Elles jouèrent une heure à observer et à diriger un peuple virtuel. Julie se frotta les yeux. Normalement, chaque battement de paupières dépose un film de 7 microns de larmes toutes les cinq secondes pour lubrifier, nettoyer, assouplir la cornée. Mais rester longtemps devant l'écran lui desséchait les yeux. Elle préféra détourner son regard du monde artificiel.

– En tant que jeune déesse, dit Julie, je demande un arrêt. Surveiller un monde, ça finit par faire mal aux yeux. Je suis sûre que même notre dieu ne reste pas vingt-quatre heures sur vingt-quatre à scruter notre planète. Ou alors, il a de bonnes lunettes.

Francine éteignit l'ordinateur et se frotta les paupières.

– Et toi, Julie, tu as d'autres passions que le chant?

– Moi, je possède bien mieux que tes ordinateurs. Ça tient dans la poche, pèse cent fois moins lourd que celui-ci, offre un écran très large, dispose d'une autonomie pratiquement illimitée, fonctionne immédiatement dès qu'on l'ouvre, contient des millions d'informations et ne tombe jamais en panne.

– Un superordinateur?

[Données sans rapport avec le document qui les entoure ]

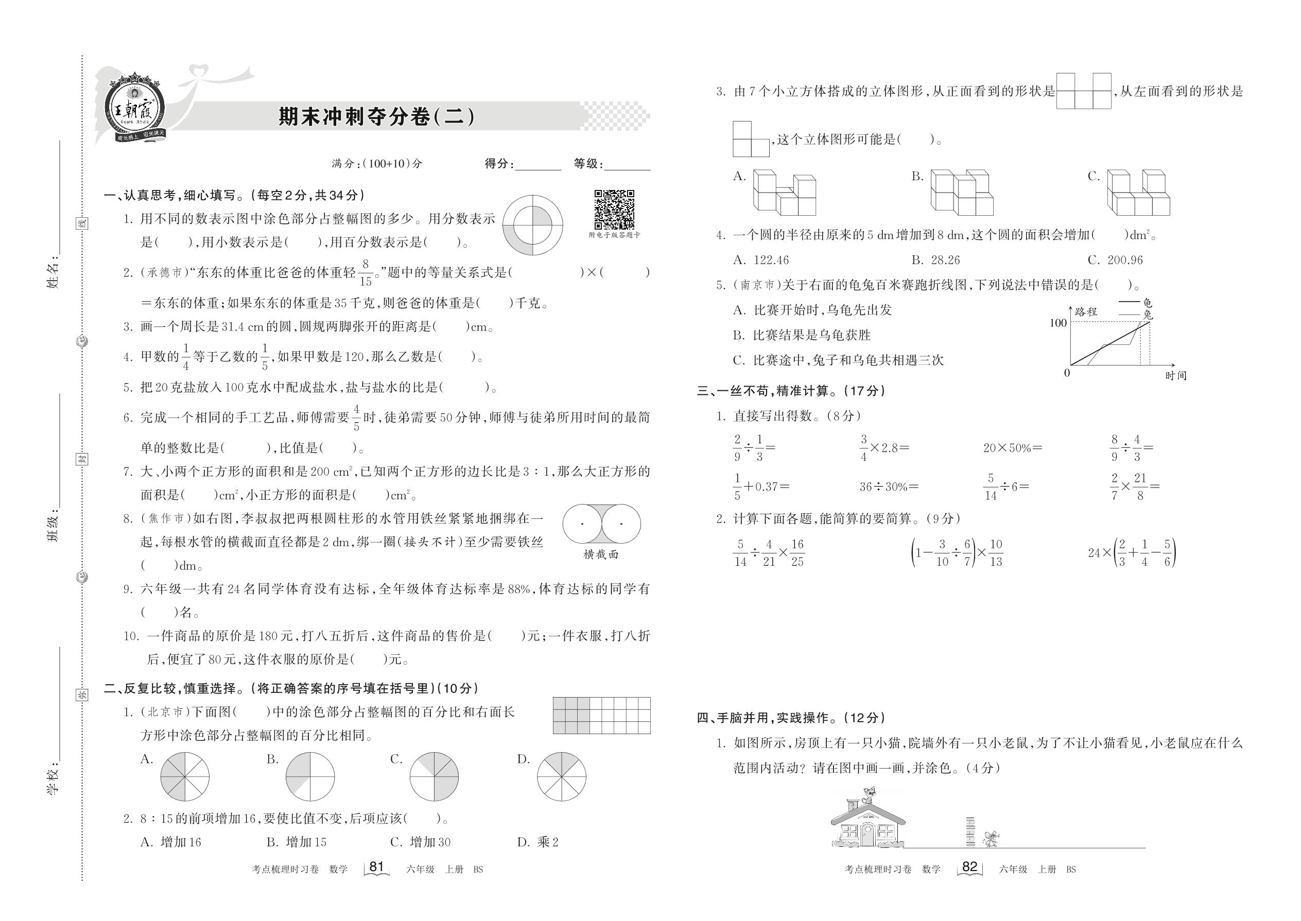 2022上册六年级数学北师版 期末冲刺夺分卷(二)
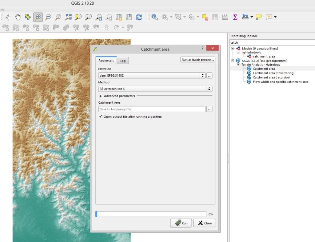 A ferramenta requer apenas que você forneça o MDE (sem depressões) e espere o processamento acabar. Dependendo do tamanho do MDE, esperar bastante.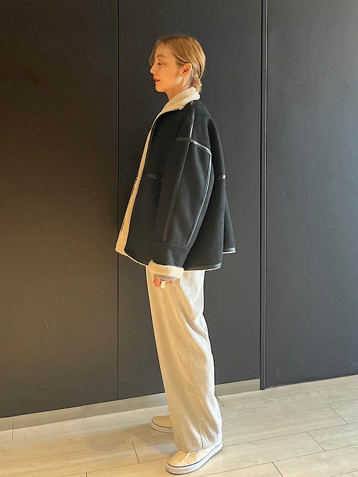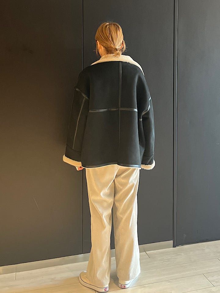 【素材感・着心地】ポリエステル素材のフェイクムートン生地です。肩周り、身幅はゆったりとしておりインナーを選ばず着用できます。袖は長めなので折り返しても可愛いです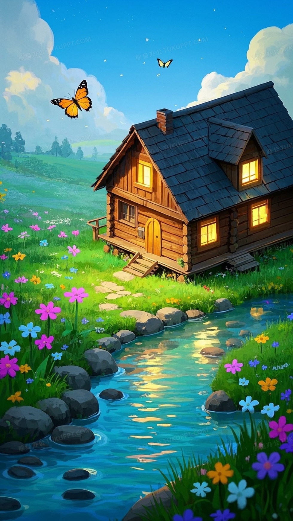 本作品内容为等距场景春天主题木屋, 格式为 jpg, 大小1 MB, 图片尺寸为1296 x 2304, 作品中背景图片无需修改, 源文件无水印,可以直接使用, 欢迎使用熊猫办公。 如认为平台内容涉嫌侵权,可通过邮件:tousu@tukuppt.com提出书面通知,我们将及时处理。

Tu m'intéresses, dit-elle en se mettant des gouttes de collyre sur la cornée.

Julie sourit.

– J'ai dit «mieux que tes ordinateurs». En plus, ça ne fait pas mal aux yeux.

Elle brandit l'épais volume de l'Encyclopédie du Savoir Relatif et Absolu.

– Un livre? s'étonna Francine.

– Pas n'importe quel livre. Je l'ai découvert au fond d'un tunnel en forêt. Il s'intitule l'Encyclopédie du Savoir Relatif et Absolu, et il a été rédigé par un vieux sage qui sans doute a fait le tour du monde pour ainsi accumuler toutes les connaissances de son temps sur tous les pays, toutes les époques et dans tous les domaines.

– Tu exagères.

– Bon. Je reconnais tout ignorer de celui qui l'a écrit, mais lis-le un peu, tu seras vraiment surprise.

Elle le lui tendit et, ensemble, elles le feuilletèrent.

Francine découvrit un passage affirmant que l'informatique était un moyen de transformer le monde mais que, pour y parvenir, il fallait posséder un ordinateur de très grande puissance. Les ordinateurs de modèle courant n'étaient dotés que de capacités limitées parce qu'ils étaient hiérarchisés. Comme dans une monarchie, un microprocesseur central dirigeait des composants électro niques périphériques. Il était donc nécessaire de créer une démocratie au sein même des puces d'ordinateurs.